Long Range Desert Group and Special Air Service.


----------



## pardus (Nov 8, 2014)

Commandos, St Nazaire Raid


----------



## pardus (Nov 8, 2014)

Very cool to see the vets talking about their experiences. They are still sharp after all these years.


----------



## RyanSC (Nov 8, 2014)

Awesome series!  I noticed episode #2 was posted twice and #5 was missing.


----------



## pardus (Nov 8, 2014)

RyanSC said:


> Awesome series!  I noticed episode #2 was posted twice and #5 was missing.



Thanks for the catch!


----------



## Brill (Jan 31, 2015)

@pardus and @Freefalling , I figured you would enjoy this.

Yesterday, a coworker was telling me a story of his childhood in Northern Italy and a very close family friend that, as he knew as a kid, "did secret stuff during the war with UKSOF".  My coworker's grandfather, a high-ranking Italian Carabinieri, was very close friends with an Italian speaking Brit named Dick Mallaby.  My coworker has fond memories of being at Dick's house and a comment he once made "Always learn a second language."  Who was Mr Mallaby and why would he think foreign languages would be important?

"...the remarkable solo role that Dick Mallaby was destined to perform in the events that led to ... (no spoiler here!!!)  Events,
wrote Dwight Eisenhower in his memoirs, ‘that, if encountered in the fictional world, would have been scorned as incredible melodrama’."
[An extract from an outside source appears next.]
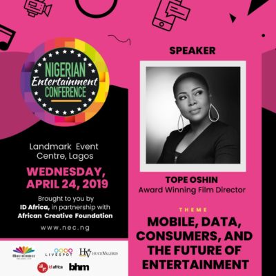 Nigerian film/television producer and director Tope Oshin this year will speak at the 2019 edition of Nigerian Entertainment Conference. It is the first time the motion picture professional will speak at the event.

http://www.emiliapublishing.com/book7extract.htm

Here are the details of the mission: http://www.waterstones.com/wat/images/special/pdf/9780571299188.pdf

Another example of putting the right man with the right skills in the right location can have HUGE ramifications...and trusting people to succeed regardless of perceived obstacles.


----------



## pardus (Jan 31, 2015)

Very interesting indeed @lindy


----------